The detection of NLRP3 and NLRC5 inflammasome
activation may explain stronger inflammation and
exacerbations in the respiratory tract [27].
Viperin is the most induced protein in the
class of antivirals. The antiviral activity of viperin
has been reported against several viruses [28].
Viral proteins required for viral assembly and
maturation are inhibited by viperin, which is
highly elevated in HRV infections [21]. In a
previous study, there was a significant correlation
between the mRNA level of viperin and the
symptomatic period of the HRV infection [28].
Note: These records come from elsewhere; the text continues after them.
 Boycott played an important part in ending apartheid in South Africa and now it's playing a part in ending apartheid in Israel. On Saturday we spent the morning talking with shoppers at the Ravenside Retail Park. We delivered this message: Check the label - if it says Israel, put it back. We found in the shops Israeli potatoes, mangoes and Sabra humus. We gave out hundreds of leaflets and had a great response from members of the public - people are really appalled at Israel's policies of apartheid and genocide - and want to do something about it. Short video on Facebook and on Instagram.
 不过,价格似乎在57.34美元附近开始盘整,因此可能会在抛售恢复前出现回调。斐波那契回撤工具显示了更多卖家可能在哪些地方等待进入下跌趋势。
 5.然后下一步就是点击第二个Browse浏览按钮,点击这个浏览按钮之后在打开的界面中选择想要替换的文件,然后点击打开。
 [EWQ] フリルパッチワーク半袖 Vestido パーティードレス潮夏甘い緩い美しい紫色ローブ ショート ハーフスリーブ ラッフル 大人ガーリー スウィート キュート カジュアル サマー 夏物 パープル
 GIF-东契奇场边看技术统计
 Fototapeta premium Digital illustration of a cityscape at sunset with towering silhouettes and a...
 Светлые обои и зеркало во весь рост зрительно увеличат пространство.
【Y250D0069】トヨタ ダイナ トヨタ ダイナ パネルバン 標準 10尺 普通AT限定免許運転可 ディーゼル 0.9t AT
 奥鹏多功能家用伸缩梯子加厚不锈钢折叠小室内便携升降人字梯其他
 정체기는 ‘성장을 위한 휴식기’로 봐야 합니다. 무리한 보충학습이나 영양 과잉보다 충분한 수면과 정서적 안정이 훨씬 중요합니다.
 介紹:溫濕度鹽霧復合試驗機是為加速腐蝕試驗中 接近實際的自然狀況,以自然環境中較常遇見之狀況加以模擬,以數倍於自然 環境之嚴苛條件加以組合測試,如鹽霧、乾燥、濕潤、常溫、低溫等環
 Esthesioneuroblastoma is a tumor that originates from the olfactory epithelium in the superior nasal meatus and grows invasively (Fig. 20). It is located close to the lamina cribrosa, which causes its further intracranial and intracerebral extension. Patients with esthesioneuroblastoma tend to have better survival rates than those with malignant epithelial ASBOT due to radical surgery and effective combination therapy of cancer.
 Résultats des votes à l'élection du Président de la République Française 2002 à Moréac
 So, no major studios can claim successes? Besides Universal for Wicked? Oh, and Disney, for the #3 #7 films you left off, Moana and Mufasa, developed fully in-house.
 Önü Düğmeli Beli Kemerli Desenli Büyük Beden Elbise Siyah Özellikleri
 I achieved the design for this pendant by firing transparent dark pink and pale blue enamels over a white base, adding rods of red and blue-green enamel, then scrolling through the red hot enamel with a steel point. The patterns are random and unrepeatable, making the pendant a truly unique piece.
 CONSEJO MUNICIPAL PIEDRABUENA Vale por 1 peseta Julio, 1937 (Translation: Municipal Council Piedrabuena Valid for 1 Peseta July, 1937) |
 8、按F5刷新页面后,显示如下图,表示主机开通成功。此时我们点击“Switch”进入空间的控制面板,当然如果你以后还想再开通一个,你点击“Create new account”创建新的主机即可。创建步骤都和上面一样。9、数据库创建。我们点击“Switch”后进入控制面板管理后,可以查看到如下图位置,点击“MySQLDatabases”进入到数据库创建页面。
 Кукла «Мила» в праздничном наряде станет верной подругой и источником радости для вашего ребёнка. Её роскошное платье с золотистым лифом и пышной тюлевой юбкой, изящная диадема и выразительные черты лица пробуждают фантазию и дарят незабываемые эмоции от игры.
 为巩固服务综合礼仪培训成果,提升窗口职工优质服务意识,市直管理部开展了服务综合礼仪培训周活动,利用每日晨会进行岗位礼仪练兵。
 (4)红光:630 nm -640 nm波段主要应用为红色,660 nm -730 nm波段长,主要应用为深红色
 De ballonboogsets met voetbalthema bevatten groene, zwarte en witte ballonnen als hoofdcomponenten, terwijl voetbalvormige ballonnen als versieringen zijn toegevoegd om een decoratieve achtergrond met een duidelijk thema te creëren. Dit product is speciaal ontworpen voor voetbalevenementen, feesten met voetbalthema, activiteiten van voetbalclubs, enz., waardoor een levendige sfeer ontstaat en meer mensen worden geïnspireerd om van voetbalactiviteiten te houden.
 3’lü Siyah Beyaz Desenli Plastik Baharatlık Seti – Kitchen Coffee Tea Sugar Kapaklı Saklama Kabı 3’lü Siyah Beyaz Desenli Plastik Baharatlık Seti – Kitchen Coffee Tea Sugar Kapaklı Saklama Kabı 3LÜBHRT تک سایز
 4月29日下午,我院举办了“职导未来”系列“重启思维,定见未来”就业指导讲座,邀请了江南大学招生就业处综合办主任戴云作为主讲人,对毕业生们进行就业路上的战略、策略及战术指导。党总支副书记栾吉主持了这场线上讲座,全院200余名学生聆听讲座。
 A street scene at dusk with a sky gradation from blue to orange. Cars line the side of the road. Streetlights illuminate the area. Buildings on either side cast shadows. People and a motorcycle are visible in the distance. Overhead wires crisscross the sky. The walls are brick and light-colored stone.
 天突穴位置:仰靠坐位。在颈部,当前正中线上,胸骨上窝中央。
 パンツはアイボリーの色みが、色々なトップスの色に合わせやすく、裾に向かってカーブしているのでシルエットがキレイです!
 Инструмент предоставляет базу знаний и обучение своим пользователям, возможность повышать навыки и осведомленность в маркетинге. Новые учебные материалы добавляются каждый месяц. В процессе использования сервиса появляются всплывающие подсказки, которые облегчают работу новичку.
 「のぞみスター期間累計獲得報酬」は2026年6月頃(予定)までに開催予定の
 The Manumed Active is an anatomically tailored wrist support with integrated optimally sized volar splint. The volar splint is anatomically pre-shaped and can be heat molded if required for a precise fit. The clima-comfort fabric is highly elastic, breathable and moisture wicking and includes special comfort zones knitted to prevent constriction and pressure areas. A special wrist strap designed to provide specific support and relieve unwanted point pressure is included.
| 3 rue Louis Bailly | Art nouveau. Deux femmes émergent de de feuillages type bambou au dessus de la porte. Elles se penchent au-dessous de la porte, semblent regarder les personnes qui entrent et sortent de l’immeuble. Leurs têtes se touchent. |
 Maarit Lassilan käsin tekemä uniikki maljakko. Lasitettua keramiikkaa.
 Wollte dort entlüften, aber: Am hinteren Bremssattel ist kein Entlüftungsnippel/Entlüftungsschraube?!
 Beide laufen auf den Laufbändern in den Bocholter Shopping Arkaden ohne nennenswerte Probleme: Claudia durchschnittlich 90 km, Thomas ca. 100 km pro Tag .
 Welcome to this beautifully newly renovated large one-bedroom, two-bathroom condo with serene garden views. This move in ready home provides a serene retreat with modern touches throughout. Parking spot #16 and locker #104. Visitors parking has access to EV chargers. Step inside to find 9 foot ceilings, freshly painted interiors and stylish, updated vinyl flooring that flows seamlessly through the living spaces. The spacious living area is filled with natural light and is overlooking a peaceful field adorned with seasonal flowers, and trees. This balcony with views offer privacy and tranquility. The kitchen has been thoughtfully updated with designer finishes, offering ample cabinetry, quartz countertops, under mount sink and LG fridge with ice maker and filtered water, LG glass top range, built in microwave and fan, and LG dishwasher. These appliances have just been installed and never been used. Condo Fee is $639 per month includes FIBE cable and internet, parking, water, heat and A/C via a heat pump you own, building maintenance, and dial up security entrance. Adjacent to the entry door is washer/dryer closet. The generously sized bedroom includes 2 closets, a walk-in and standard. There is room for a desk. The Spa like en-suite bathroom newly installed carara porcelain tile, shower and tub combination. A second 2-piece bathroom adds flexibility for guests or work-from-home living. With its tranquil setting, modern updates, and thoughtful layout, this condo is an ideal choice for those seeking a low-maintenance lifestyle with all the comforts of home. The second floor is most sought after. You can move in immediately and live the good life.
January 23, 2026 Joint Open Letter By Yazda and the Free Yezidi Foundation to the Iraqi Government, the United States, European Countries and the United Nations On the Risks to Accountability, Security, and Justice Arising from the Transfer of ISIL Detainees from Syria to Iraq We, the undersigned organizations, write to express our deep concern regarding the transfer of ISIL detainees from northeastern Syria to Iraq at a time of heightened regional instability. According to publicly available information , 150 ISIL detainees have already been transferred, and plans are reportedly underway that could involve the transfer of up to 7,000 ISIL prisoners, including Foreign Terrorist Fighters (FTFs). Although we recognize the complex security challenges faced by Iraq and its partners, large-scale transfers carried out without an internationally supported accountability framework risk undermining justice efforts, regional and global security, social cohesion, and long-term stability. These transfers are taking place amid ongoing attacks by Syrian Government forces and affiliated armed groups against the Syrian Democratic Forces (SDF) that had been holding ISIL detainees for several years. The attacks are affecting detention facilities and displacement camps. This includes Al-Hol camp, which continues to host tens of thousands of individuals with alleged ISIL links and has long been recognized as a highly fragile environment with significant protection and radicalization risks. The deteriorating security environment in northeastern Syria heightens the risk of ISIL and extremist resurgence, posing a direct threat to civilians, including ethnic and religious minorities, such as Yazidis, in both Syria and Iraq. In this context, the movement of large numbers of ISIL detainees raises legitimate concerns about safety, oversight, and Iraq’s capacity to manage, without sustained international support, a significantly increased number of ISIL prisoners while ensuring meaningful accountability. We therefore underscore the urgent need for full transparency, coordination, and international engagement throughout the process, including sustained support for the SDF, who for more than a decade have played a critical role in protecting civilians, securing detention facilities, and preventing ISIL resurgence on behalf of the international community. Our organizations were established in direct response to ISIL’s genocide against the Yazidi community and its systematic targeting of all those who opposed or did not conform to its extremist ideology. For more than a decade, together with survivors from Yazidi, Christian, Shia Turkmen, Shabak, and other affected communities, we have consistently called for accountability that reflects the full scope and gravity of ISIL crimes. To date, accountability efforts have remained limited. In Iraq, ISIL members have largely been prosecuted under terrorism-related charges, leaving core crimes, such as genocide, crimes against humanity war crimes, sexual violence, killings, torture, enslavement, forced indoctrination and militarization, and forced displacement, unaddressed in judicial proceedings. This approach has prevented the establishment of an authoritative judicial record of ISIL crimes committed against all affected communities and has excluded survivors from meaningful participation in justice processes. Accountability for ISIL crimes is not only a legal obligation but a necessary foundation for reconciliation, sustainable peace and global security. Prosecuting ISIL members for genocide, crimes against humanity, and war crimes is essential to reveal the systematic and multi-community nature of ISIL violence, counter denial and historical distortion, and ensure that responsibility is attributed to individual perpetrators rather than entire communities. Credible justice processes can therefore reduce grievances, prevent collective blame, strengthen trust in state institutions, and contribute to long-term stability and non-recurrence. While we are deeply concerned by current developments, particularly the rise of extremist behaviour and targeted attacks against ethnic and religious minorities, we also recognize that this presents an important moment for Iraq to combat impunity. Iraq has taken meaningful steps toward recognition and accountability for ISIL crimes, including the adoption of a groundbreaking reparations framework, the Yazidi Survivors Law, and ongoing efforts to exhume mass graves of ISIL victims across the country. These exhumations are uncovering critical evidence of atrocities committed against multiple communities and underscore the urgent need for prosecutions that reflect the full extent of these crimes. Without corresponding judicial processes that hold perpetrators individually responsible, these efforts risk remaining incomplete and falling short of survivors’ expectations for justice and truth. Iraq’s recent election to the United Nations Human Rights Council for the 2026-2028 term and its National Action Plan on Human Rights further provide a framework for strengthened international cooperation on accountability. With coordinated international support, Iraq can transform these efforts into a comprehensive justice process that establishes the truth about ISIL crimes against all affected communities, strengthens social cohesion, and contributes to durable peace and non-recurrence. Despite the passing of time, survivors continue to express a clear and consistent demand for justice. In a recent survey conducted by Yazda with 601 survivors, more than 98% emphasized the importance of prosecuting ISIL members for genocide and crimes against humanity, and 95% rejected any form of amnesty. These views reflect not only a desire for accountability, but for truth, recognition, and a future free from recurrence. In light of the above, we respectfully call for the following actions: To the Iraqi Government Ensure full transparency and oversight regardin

Viperin induction was dependent on time and HRV
replication. Induction started at 12 hours after
infection and significantly increased at 48 hours
[28]. The role of viperin may be more prominent
in the late stage of the infection, and this protein
may act as a member of antiviral response to HRV
infections [28]. Human β-defensin 2 and inducible
nitric oxide synthase are antiviral proteins that
have been shown to be induced in HRV in both in
vitro and in vivo studies [29,30]. Phospholipid
scramblase 1, which plays an indirect role in
antiviral response, is also induced in HRV
infections [31].
Interferon response
IFN was first discovered more than half a
century ago as a factor released by the chick
chorioallantoic membrane challenged by influenza
virus [32]. There are three classes of IFNs
designated as type I (13 α subtypes, β, κ, ε, ο, τ
and δ), II (IFNγ), and III (IFNλ) [33]. NF-κB, IRF-
3, and ATF-2-c-Jun are important transcription
factors in the expression regulation of type I IFN
[19]. Type I IFNs are important components of
antiviral response with direct antiviral effects on
infected and adjacent cells. It has been shown
that more than 300 ISGs are activated following
the interaction of type I IFN with the
corresponding receptor. However, small numbers
of ISGs are directly involved in antiviral response
[34]. The attenuated induction of the IFN-induced
genes related to apoptosis, innate immunity, and
antigen processing, especially in the early stage
of viral infections may be a reason for failure in
virus elimination, resulting in severe cases of the
disease. On the other hand, the pathogenicity of
different virus strains can be determined by the
early induction of ISGs [35].
Type I IFNs (α/β) play an important role in
mounting a robust antiviral response of cells
through several ISG-mediated pathways,
including protein kinase R (PKR), Mx GTPase
pathway (myxovirus resistance 1), 2’,5’-
oligoadenylte-synthetase-directed ribonuclease L
(RNaseL) pathway and ISG15 ubiquitin-like
pathway as shown in Figure 2 and controlling virus
propagation in all steps including the inhibition of
virus transcription and translation [33]. An in vitro
study using primary respiratory tract epithelial
cells showed that IFN-α and IFN-γ were not
induced in HRV-infected cells, but IFN-β was
detected in HRV16-infected cells [21]. The
detection of phosphorylated signal transducer and
activator of transcription 1 demonstrated the role
of IFN in the induction of intracellular signaling,
but the IFN-β signaling pathway only had a partial
effect on the expression of genes in HRV-infected
cells [21]. In that study, the importance of IFN-β
in antiviral gene expression was consistent with
the increase of HRV production in asthmatic
patients with deficient cell antiviral response,
including impaired RV-induced IFN-β production
[21].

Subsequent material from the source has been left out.